Synkir-310 split-signaling based KIR-CAR T cell therapy achieves faster and deeper anti-B cell tumor efficacy with reduced cytokine levels Free

Currently, five CD19-targeting chimeric antigen receptor (CAR) T cells are FDA-approved for treatment of B cell malignancies. These CAR T share a single-chain CD3-based signaling structure incorporating a co-stimulation motif and FMC63 single-chain variable fragment (scFv) to target CD19. While these CAR T demonstrate robust clinical responses in 60-80% of patients with B cell non-Hodgkin lymphomas (B-NHL), approximately half of patients relapse within one year (Cappell Nat Rev Clin Oncol. 2023), demonstrating a need for more durable therapies. We designed SynKIR-310 using our multi-chain natural killer immunoglobulin-like receptor (KIR)-CAR T cell platform (Wang Cancer Immunol Res. 2015) targeting CD19 with a novel canine-derived, more human-like scFv, DS191. SynKIR-310 uses more physiologically-relevant separated antigen binding and activation signals derived from natural killer (NK) cells. This CD19-targeting KIR-CAR was designed to reduce the constitutive T cell activation and exhaustion observed with conventional single-chain CAR, and to confer prolonged anti-tumor functionality and deeper anti-tumor responses.

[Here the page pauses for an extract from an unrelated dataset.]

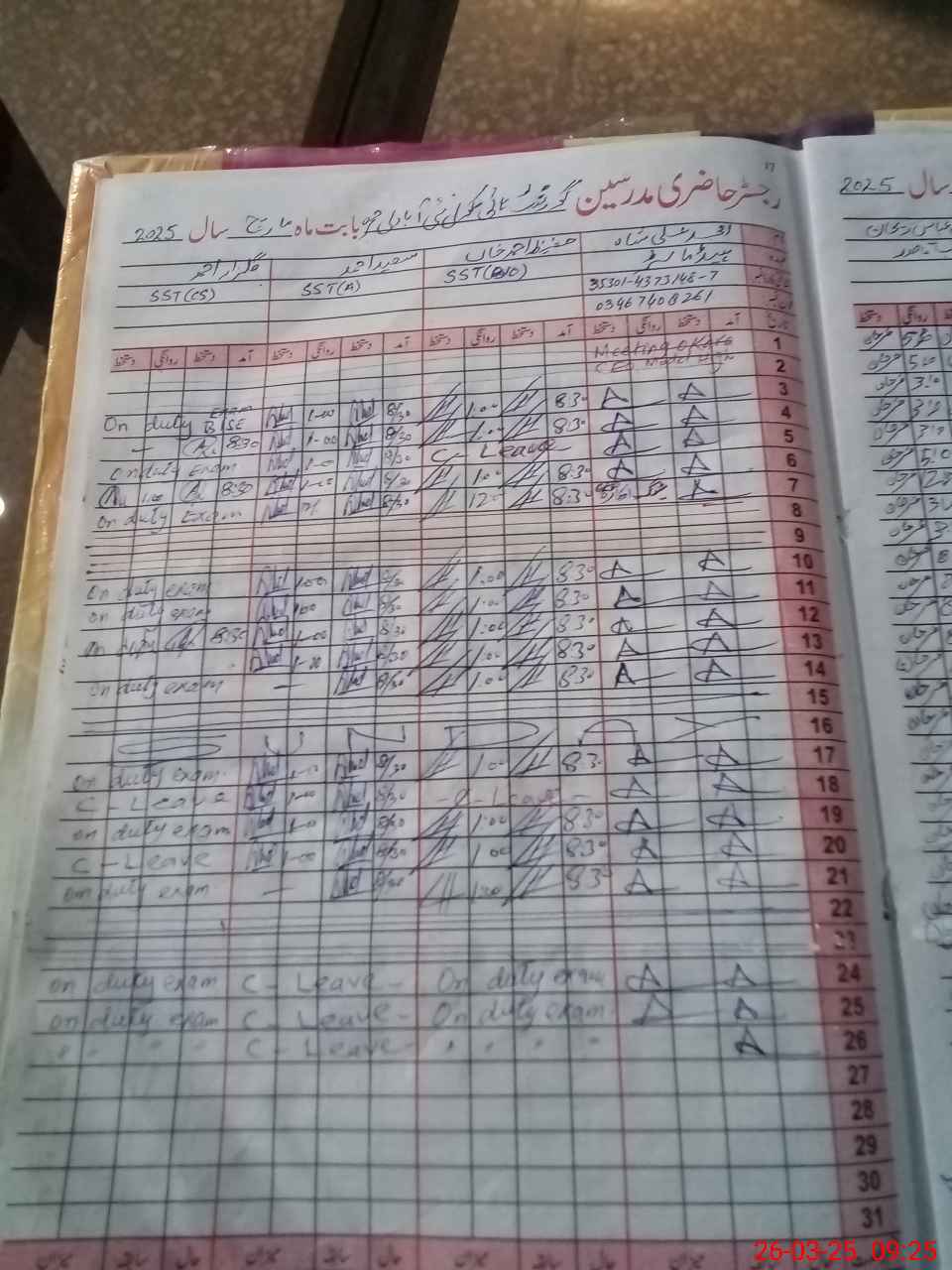 | 35**** | Ha**** Ah**** Kh**** | SST | Regular | 0 | 0 | 0 | 0 | 0 | 0 | 0 | 0 | 0 | Exam Duty |
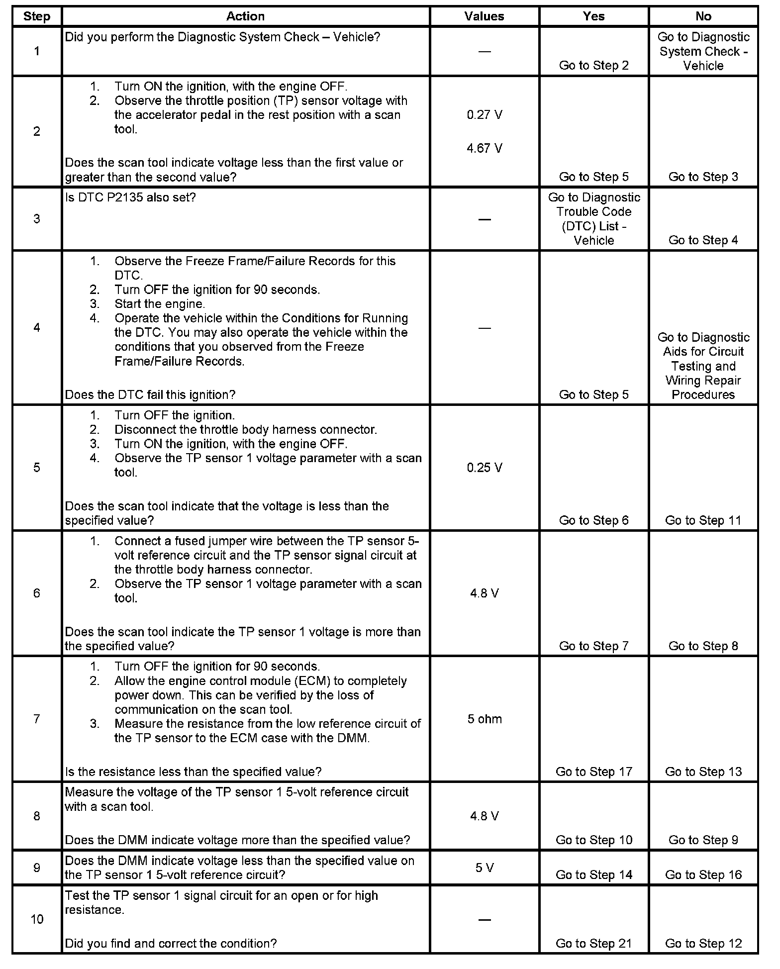 The TP sensor provides the engine control module (ECM) with a signal voltage proportional to the throttle plate movement. The TP sensor 1 signal voltage at closed throttle is near the 5-volt reference and decreases as the throttle plate is opened. The TP sensor 2 signal voltage at closed throttle is near the low reference and increases as the throttle plate is opened. When TP sensor 1 signal voltage is not within the predicted range, this DTC will set.

SynKIR-310 was compared in vitro and in vivo with a CD3-based single-chain CAR T analogous to tisagenlecleucel (FMC63-41BBζ CAR) for antigen specificity, sensitivity, and anti-tumor functions including cytokine production and target cell lysis. In vitro, SynKIR-310 and FMC63-41BBζ CAR T showed comparable results in all functional co-culture assays (Yucel ASGCT 2024; Blair ASGCT 2025).This data supported the specificity and sensitivity of SynKIR-310 for CD19.

To evaluate SynKIR-310 in vivo, we engraftedimmunocompromised NOD-SCID-IL2Rγc^–/– (NSG) mice with CD19+ NALM6 tumors by intravenous (IV) injection on Day 0 and performed a dose escalation study of SynKIR-310 versus FMC63-41BBζ CAR T cells. T cells were IV injected 5 days after tumor injection, and tumor progression was monitored by bioluminescent imaging (BLI). At higher doses of T cells, both SynKIR-310 and FMC63-41BBζ CAR T performed comparably overall against tumors, although SynKIR-310 showed a more rapid onset of anti-tumor effect. At the low dose, FMC63-41BBζ CAR T cells showed no anti-tumor impact, while SynKIR-310 significantly reduced tumor progression throughout the duration of the study. Intriguingly, both CAR T types remained detectable in the periphery at comparable levels, although only KIR-CAR showed anti-tumor efficacy. Importantly, there were no overt toxicities detected or significant differences between SynKIR-310 and FMC63-41BBζ CAR at low or high dose-treated mice in a toxicology panel performed on terminal serum collected at the end of the study.

To determine whether the improved anti-tumor efficacy in vivo resulted from use of the novel DS191 scFv binder, or from different signaling in KIR-CAR versus 41BBζ CAR, we compared SynKIR-310, FMC63-KIR-CAR and FMC63-41BBζ CAR T cells at the same low dose in the NALM6-NSG in vivo model. SynKIR-310 and FMC63-KIR-CAR T were comparable in controlling the tumors earlier than FMC63-41BBζ CAR T and both demonstrated deeper tumor control than FMC63-41BBζ CAR T, highlighting that the multichain NK-based KIR-CAR signaling was responsible for the differential responses, and all 3 groups had similar T cell persistence. Evaluation of circulating cytokines at early (Day 8) and later (Day 13) time points also revealed notable differences. While all treatment groups produced similar levels of cytokines early on, at the later time point, FMC63-41BBζ CAR treatment, with a poorer anti-tumor response, paradoxically showed significantly more IFNγ (37-fold), TNFα (27-fold) and IL-2 (17-fold) compared to both SynKIR-310 and FMC63-KIR-CAR treatments.

Overall, these results demonstrate SynKIR-310 achieves faster tumor regression and greater tumor control, with reduced systemic levels of cytokine production. These results may translate into improved anti-tumor activity along with a reduced risk of cytokine-mediated toxicities typically observed in conventional CD3-based CAR T cell therapies, supporting clinical translation of SynKIR-310 for patients with relapsed/refractory B-NHL, currently in an ongoing Phase 1 clinical trial (NCT06544265).